(Stored records)
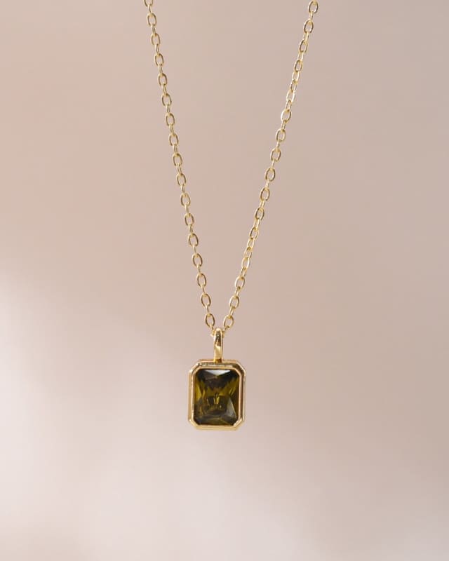 Emerald Cut Polaris Pendant Gold Vintage Birthstone Necklace
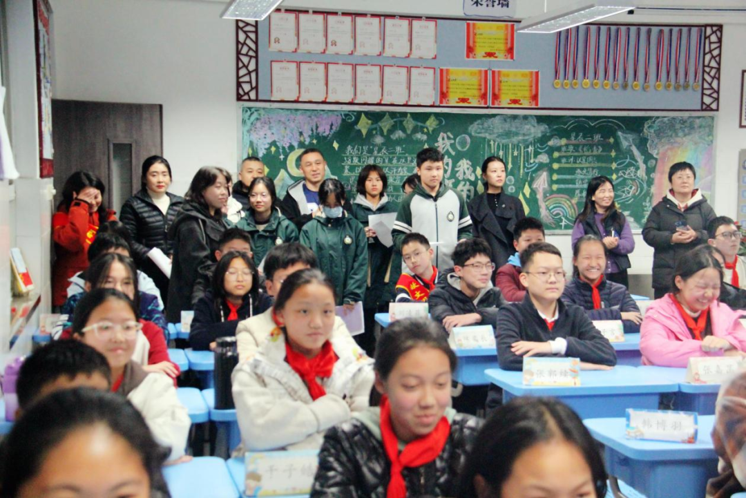 由家长代表、各班级班主任及学生代表共同组成的30余人评审团,深入各班开展观察与现场打分;与此同时,各班精心选拔的班级文化解说员,通过生动讲解、白板成果展示、全班互动展演、班级资料翻阅等多元形式,全面呈现班级文化建设的点滴成果。值得关注的是,各年级结合学生认知特点,明确差异化展示重点:七年级以“建设高效学习小组”为核心,助力新生快速融入集体;八年级以“争创书香班级”为目标,浓厚班级阅读氛围。评比内容涵盖七大维度:学生成长记录袋与成长手册的完善度、教室内外空间的文化利用情况、班级各项公约与制度的制定及执行、能体现班级核心价值观的班名、班徽、班歌、班训设计、教室环境卫生的常态化维护、班级图书柜的建设与借阅管理,以及班级特色文化活动的开展成效。
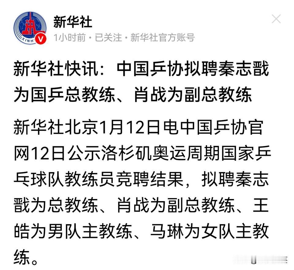 今天中国乒协官网公布了国家乒乓球队教练名单 总教练, 秦志戬 副总教练, 肖 战 男队主教练,王 皓 女队主教练,马 琳
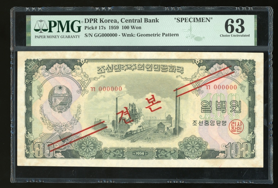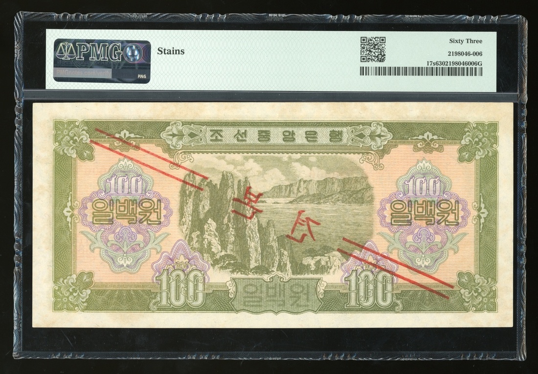 1959年北韓100圜樣票,編號GG000000,PMG 63,有潰,此系列最高面值,罕見樣票
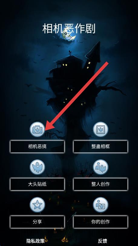1、打开相机恶作剧app,在主界面点击相机恶搞按钮。
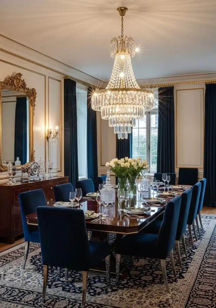 The perfectly elegant dining room — the one that makes every dinner party feel genuinely special and genuinely memorable; that makes every person who enters it feel immediately, unmistakably that they are in a room of genuine sophistication and genuine beauty; that creates the specific atmosphere of occasion and importance that transforms an ordinary meal into a genuinely ceremonial, genuinely celebrated act of domestic life; and that looks more beautiful and more completely resolved with every candle lit and every glass filled — is the accumulated, harmonious, magnificently resolved result of multiple sophisticated design decisions working together in a state of complete, mutual, aesthetic reinforcement. The crystal chandelier and the velvet chairs and the Persian rug and the gilded mirror each make every other element more magnificent by its presence.

▸ EXERCISE INSTRUCTIONS
Each record above is to be returned unchanged, while any picture it holds stays out.

▸ SOLUTION
 Emerald Cut Polaris Pendant Gold Vintage Birthstone Necklace
 由家长代表、各班级班主任及学生代表共同组成的30余人评审团,深入各班开展观察与现场打分;与此同时,各班精心选拔的班级文化解说员,通过生动讲解、白板成果展示、全班互动展演、班级资料翻阅等多元形式,全面呈现班级文化建设的点滴成果。值得关注的是,各年级结合学生认知特点,明确差异化展示重点:七年级以“建设高效学习小组”为核心,助力新生快速融入集体;八年级以“争创书香班级”为目标,浓厚班级阅读氛围。评比内容涵盖七大维度:学生成长记录袋与成长手册的完善度、教室内外空间的文化利用情况、班级各项公约与制度的制定及执行、能体现班级核心价值观的班名、班徽、班歌、班训设计、教室环境卫生的常态化维护、班级图书柜的建设与借阅管理,以及班级特色文化活动的开展成效。
 今天中国乒协官网公布了国家乒乓球队教练名单 总教练, 秦志戬 副总教练, 肖 战 男队主教练,王 皓 女队主教练,马 琳
 1959年北韓100圜樣票,編號GG000000,PMG 63,有潰,此系列最高面值,罕見樣票
1、打开相机恶作剧app,在主界面点击相机恶搞按钮。
 The perfectly elegant dining room — the one that makes every dinner party feel genuinely special and genuinely memorable; that makes every person who enters it feel immediately, unmistakably that they are in a room of genuine sophistication and genuine beauty; that creates the specific atmosphere of occasion and importance that transforms an ordinary meal into a genuinely ceremonial, genuinely celebrated act of domestic life; and that looks more beautiful and more completely resolved with every candle lit and every glass filled — is the accumulated, harmonious, magnificently resolved result of multiple sophisticated design decisions working together in a state of complete, mutual, aesthetic reinforcement. The crystal chandelier and the velvet chairs and the Persian rug and the gilded mirror each make every other element more magnificent by its presence.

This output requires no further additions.